Claims the Medicare card numbers of all Australians are up for sale on the dark web have been referred for investigation by the Australian Federal Police, with the government insisting electronic health records are safe from nefarious access.
Medicare numbers have been illegally trading for less than $30 on the online marketplace for illegal products, according to an investigation by Guardian Australia.
The dark web vendor of the “Medicare machine” requires a name and date of birth to retrieve “Medicare patient details” by request, raising questions about the cybersecurity of Australian government agencies, including the Department of Human Services, which is responsible for Medicare.
Alongside the department’s logo, the vendor thanks the cyber-shop’s clientele for their patience during an outage.
“I see you guys missed me a lot more than what the Commonwealth did. Many thanks to all of you for your kind words of encouragement during the outage, much appreciated,” the hacker wrote.
Since its return online in October 2016, the Medicare machine claims to have sold 75 Medicare numbers for 0.0089 bitcoin each, the equivalent of $22.
Medicare card details are not publicly available and can be used for identity theft or to defraud the government of Medicare rebates.
In a press conference today Human Services Minister Alan Tudge said the department had informed him there had been no breach of its systems.

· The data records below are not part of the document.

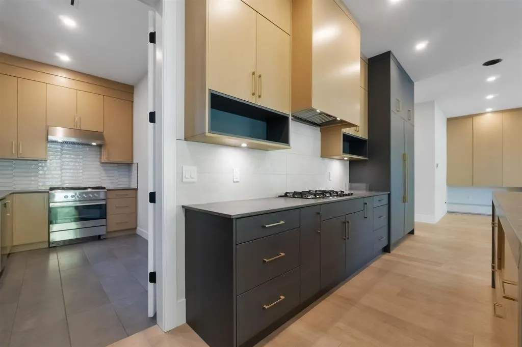 Stunning custom-built 3-storey home offering nearly 5,000 sq ft of luxurious living on a 6,300 sq ft lot! This elegant residence features 8 spacious bedrooms and 8 beautifully finished bathrooms. The main floor boasts a grand open-concept layout with a bright living and dining area, a gourmet kitchen with premium appliances, a full spice kitchen, and a convenient bedroom with ensuite, perfect for guests or in-laws. Upstairs includes 4 generous bedrooms, each with an ensuite, while the basement offers a theatre room plus two mortgage-helper suites (2-bed + 1-bed) with private entrances. Designed for comfort, style, and versatility, this home is ideal for large or multi-generational families seeking modern luxury in a prime location! (id:27476)
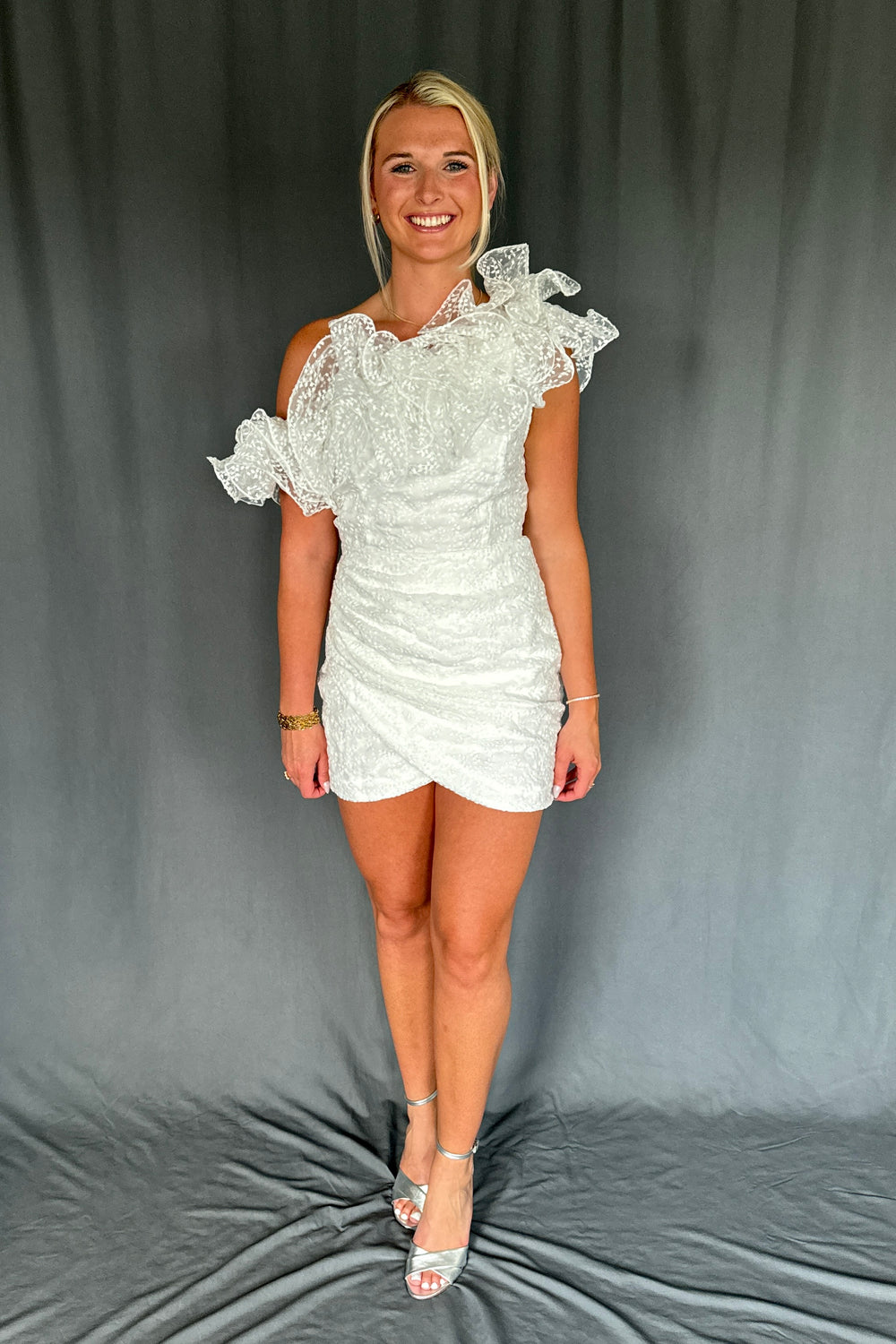 One Shoulder Ruffle Mini Dress
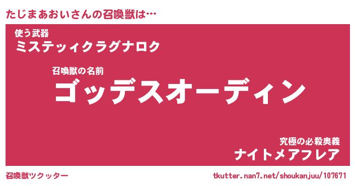 | 胡散臭い通販商品みたいなあだ名 | 『モテモテ間違いなし霊験あらたかなお札…その名も「たじまあおい」』 |
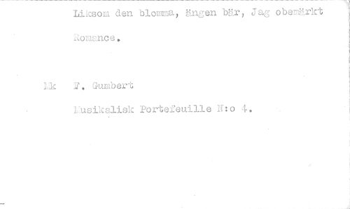 //// Liksom den blorna, ängen bär, Jag obemärkt .S.omance. //// rk 2. Gumbert //// I usikalisk Portefeuille 11:o 4. ////
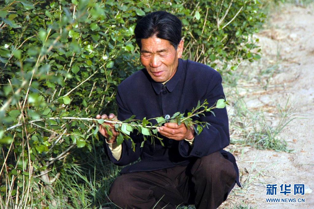 石述柱在甘肃省民勤县宋和村查看树苗长势(2005年5月19日摄)。新华社记者 聂建江 摄

"The suggestions are the numbers are very small and we are talking about the acquisition of Medicare card numbers only," Tudge said.

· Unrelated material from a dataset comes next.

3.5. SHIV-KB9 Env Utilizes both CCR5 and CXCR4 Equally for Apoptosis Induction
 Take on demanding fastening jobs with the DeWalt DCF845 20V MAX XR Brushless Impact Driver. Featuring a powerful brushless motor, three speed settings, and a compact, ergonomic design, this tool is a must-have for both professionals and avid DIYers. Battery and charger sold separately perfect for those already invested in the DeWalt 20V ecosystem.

"It is more likely to have been a traditional criminal activity," he said.
Concerns that the details could allow a malicious attacker to gain access to the My Health Record were unfounded, a spokeswoman for the Federal Department of Health said, with robust controls in place.
“Additional information is required to authenticate consumers or doctors as a user and provide access to records,” the spokeswoman said.
“Additionally, the My Health Record has real-time monitoring and surveillance including a record of every access to ensure it is authorised and identification and rapid response to suspicious activities.”
The My Health Record contains the records of almost five million Australians and in five years of operation has experienced no security breaches, according to the Department of Health.
Since returning to the dark web, the vendor claims to be able to access Medicare numbers by “exploiting a vulnerability which has a much more solid foundation which means not only will it be a lot faster and easier for myself, but it will be here to stay. I hope, lol.”